Hier zijn kansen voor Europa om richting te geven aan gezondere consumptie. Dat vraagt dan ook om hogere importtarieven voor deze producten om te zorgen dat die producten niet voor een habbekrats geïmporteerd worden.

De EPHA merkt fijntjes op dat in het Verdrag van de Unie alle beleidsmaatregelen getoetst moeten worden op hun effecten voor de volksgezondheid. Het lijkt wel of het GLB hier van gevrijwaard blijft.

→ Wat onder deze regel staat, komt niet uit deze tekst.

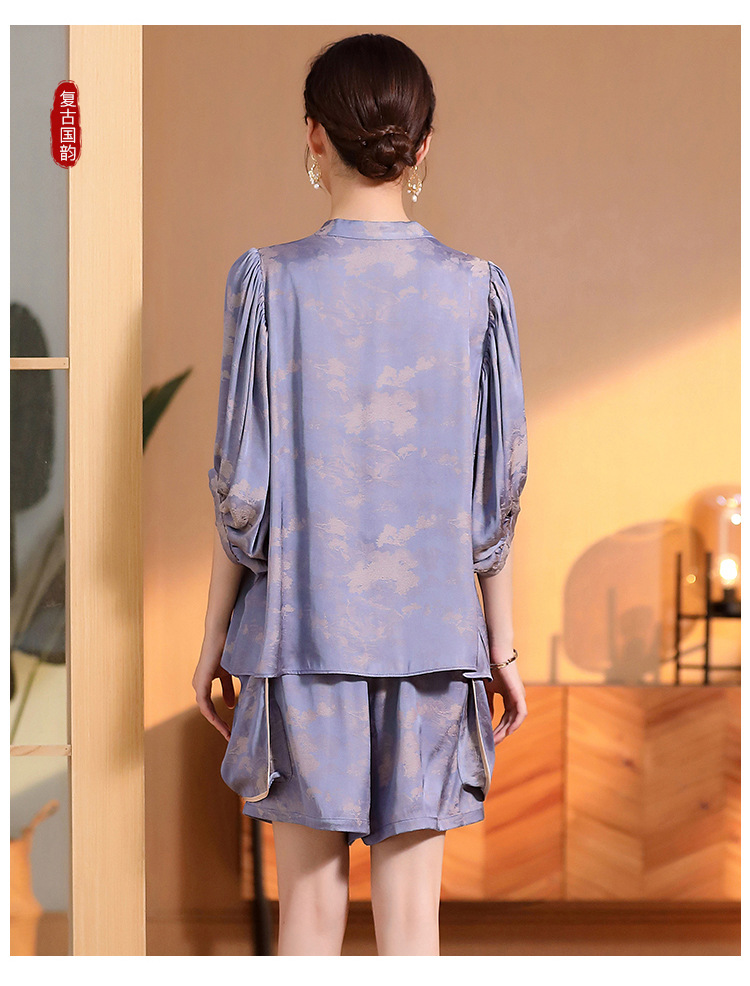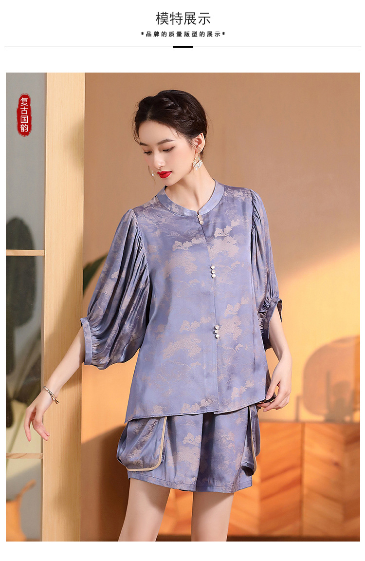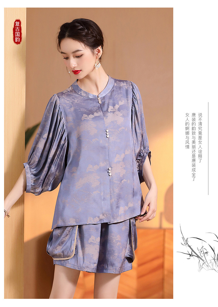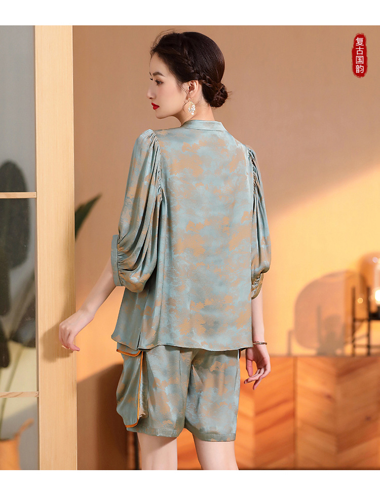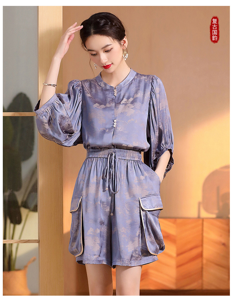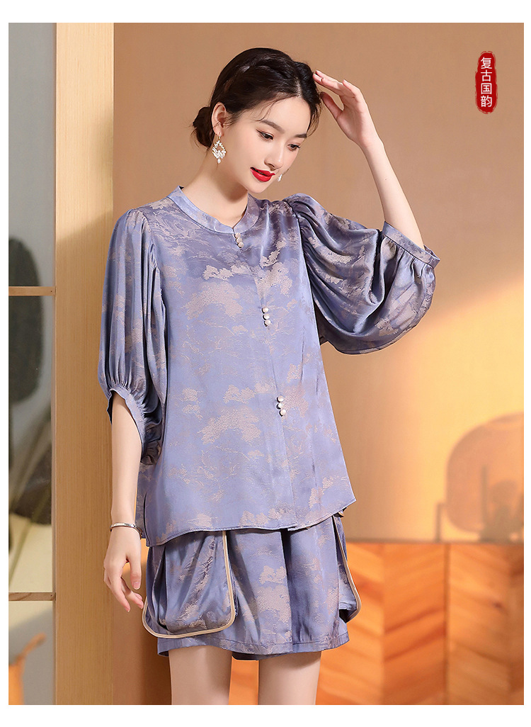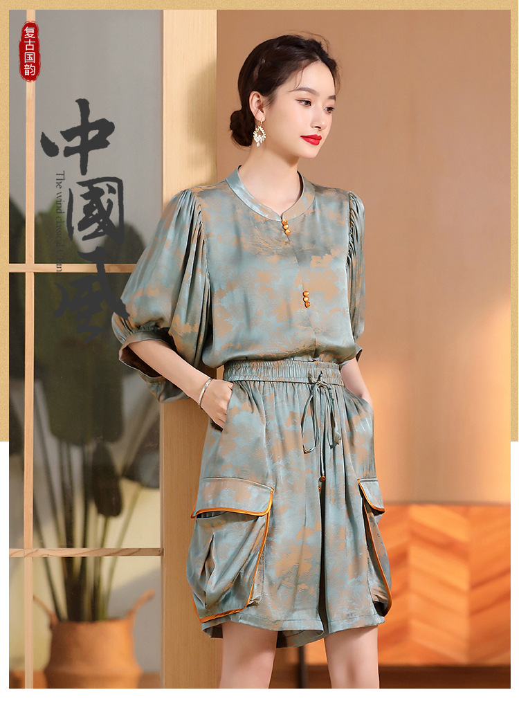 人丝提花泡泡袖改良唐装上衣女+口袋宽松短裤AYK-230512

Bij de dit voorjaar gehouden consultatie begint de Commissie met het herhalen van enkele passages uit het Verdrag die over de landbouw gaan, maar dat er volgens datzelfde Verdrag een afweging van belangen van volksgezondheid en het landbouwbeleid moet plaatsvinden wordt niet aan de orde gesteld.

In haar advies 'Naar een voedselbeleid' heeft de WRR wel aandacht gevraagd voor dit spanningsveld: "Ook afwegingen op het gebied van gezondheid en robuustheid zouden een rol behoren te spelen binnen het gemeenschappelijk landbouwbeleid”, maar dit heeft verder weinig aandacht gekregen in het vervolgtraject.

Kortom: Via EU-kaders kan er veel bereikt worden in de strijd tegen voedselgerelateerde aandoeningen, maar het neemt niet weg dat ook lidstaten zelf ook nog veel kunnen doen. Lidstaten moeten daarbij nagaan wat een handige verantwoordelijkheidsverdeling is tussen de EU en de lidstaten.

De Europese Commissie zou serieus werk moeten maken van een selectiever – op volksgezondheid gericht - ondersteuningsbeleid in de voorstellen die nu voor het nieuwe GLB na 2020 worden ontwikkeld. Het wordt tijd dat de medische sector ook naar het GLB kijkt.

We hebben Europa nodig om gezonder te eten.